--- Your assignment ---
When you reach the line containing "ARMURERIE - PYROTECHNIE" in the records below, start copying exactly, and stop once you have copied the line containing "Bendición del Sr.".

--- Records shown ---
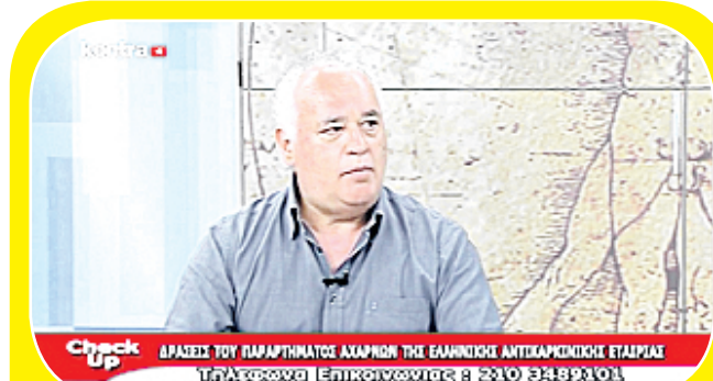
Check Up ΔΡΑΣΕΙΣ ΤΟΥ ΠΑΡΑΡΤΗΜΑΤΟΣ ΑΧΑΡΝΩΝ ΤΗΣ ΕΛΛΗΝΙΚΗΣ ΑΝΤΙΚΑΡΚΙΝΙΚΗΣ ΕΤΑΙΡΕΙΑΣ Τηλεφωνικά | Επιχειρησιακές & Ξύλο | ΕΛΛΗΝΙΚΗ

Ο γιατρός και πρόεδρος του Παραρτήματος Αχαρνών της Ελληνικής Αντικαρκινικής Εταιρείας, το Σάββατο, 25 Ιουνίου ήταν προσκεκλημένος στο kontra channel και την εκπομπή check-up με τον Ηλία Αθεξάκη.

---

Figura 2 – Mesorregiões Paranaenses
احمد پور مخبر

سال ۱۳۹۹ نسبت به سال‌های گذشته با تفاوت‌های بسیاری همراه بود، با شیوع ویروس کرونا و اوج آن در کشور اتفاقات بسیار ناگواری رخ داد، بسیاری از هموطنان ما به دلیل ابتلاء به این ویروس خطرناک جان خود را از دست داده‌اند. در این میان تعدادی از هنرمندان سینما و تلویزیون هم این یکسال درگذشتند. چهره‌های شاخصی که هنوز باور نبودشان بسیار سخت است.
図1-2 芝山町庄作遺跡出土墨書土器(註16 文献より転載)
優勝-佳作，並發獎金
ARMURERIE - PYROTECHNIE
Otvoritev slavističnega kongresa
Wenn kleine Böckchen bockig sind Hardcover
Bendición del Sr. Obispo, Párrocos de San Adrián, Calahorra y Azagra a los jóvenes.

--- Exercise solution ---
ARMURERIE - PYROTECHNIE
Otvoritev slavističnega kongresa
Wenn kleine Böckchen bockig sind Hardcover
Bendición del Sr. Obispo, Párrocos de San Adrián, Calahorra y Azagra a los jóvenes.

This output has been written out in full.